The way my dad looks at me is kind of scary...he always looks like he's mad at me.
"Instead of going to school, you should make her clean the house. It's not like she's going to become anything anyways."
What is dad talking about? Whatever he's saying seems to make mommy sad. Dad walks around the kitchen towards the fridge and opens it.
"Jeffery! Why would you say such a thing? She's our daughter!"
Dad grabs a glass bottle out from the fridge and closes the door. He always drinks those things, I asked mommy what they were and mommy told me that they're adult drinks.
"She's your daughter, not mine. These three babies are ours, but Atdreunda is yours and yours alone, she's not my problem."
Dad walks up to me and bends down so he can look me in the eyes.
"Remember this, and remember this well Atdreunda...I am not your father, and I never will be. Do you understand?"
Not my father...does he mean he's not my dad? What does he mean? If he's not my dad then who is? He's hurting my feelings...why is dad saying this? Why is he being so mean to me? What did I do wrong? I start crying and hold onto mommy's arm.
"Jeffery! Why would you say that to her? What is wrong with you?"
Dad stands up and looks at mom.
"I'm only telling the truth, Atdreunda there will be no crying in the house! Crying is for the weak and you should remember that."
Dad comes and takes the cereal I was going to eat away.
"Just for that, you're not getting breakfast this morning."
Dad puts the cereal in the cupboard that's too high for me to reach.
Present:
Why can't I live a life where I can be happy? Ever since I was a kid, I've always been neglected by my mom because she was so busy with my younger siblings. My step dad never cared about me and always went out of his way to put me down, and remind me that he wasn't my real father. What's worse, when I was twelve we all moved into the west end and my mom started having seizures.
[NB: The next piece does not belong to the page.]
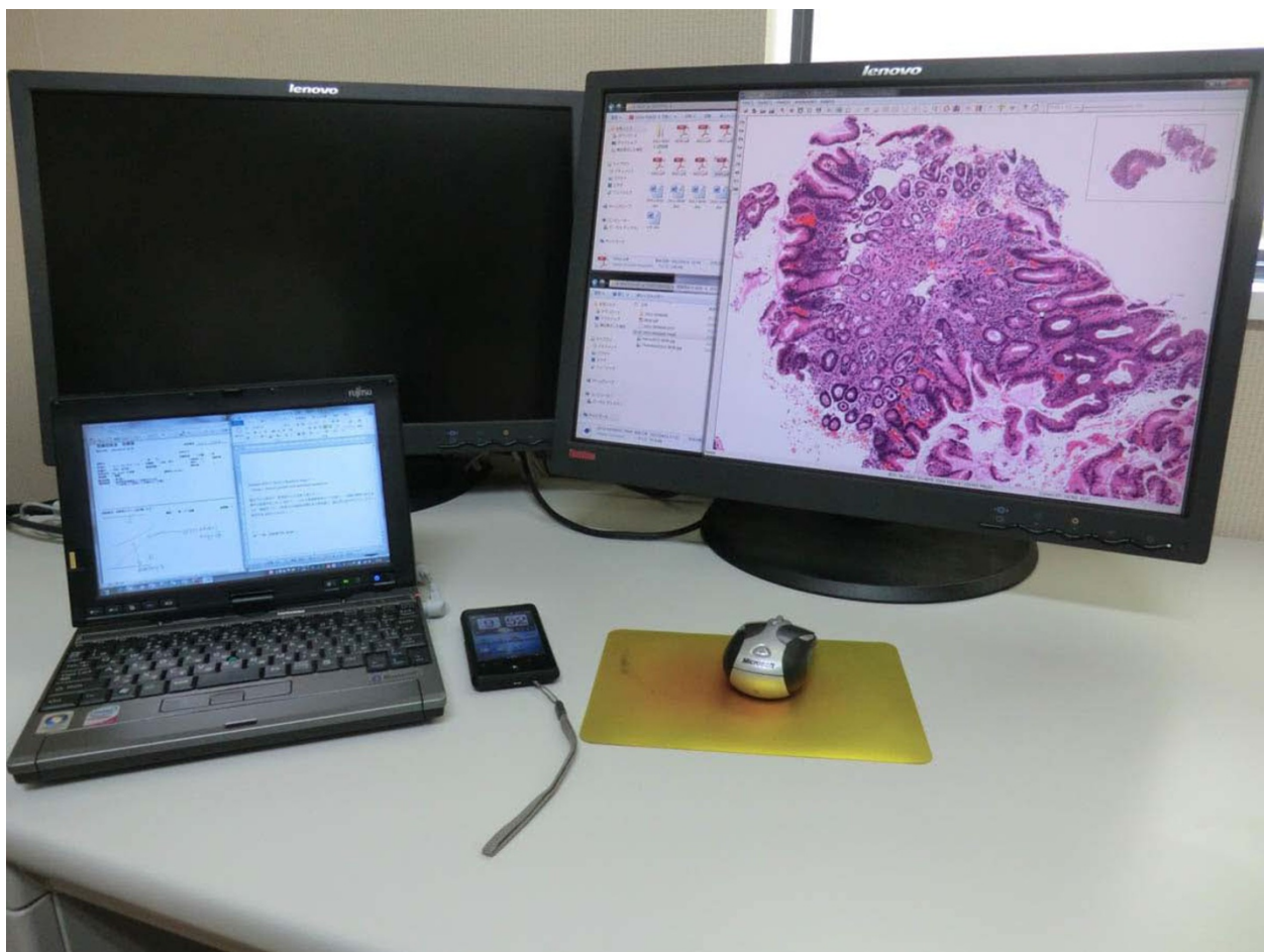
Figure 2 Actual working desk of remote diagnosis Notebook PC was connected to the web through mobile telephone network. Another display is also connected to the notebook PC, and diagnosis was done under dual display condition.

Since she had to go to the hospital all the time, it was my job to take my mom's place and take care of my siblings.
My mom always tried her best to show me that she cared...but whenever dad punished me for not doing mom's job right mom never stood up for me. I both hate her, but love her at the same time. She used to stand up for me, then as the years went by I watched as my dad slowly broke my mom down, and made her the obedient housewife.
My siblings have it easy, they don't have to worry about doing chores, or have to see the negative side of our dad...at least he acts like this to just me and not them. I don't want them going through the pain I had to endure at their age.
"Atdreunda, the house isn't gonna clean itself!"
I stop writing in my journal, close it, and but it underneath my small memory foam mattress. My room ended up changing after we moved to the west end. Instead of sharing a room with my siblings I sleep on a small memory foam mattress in the hallway. It's only an inch off the floor, so i joke to myself and say I basically sleep on the floor.
"I'm coming!"
I wonder what life's got in store for me today now that i'm fourteen? You never know...maybe my family will actually remember my birthday this time.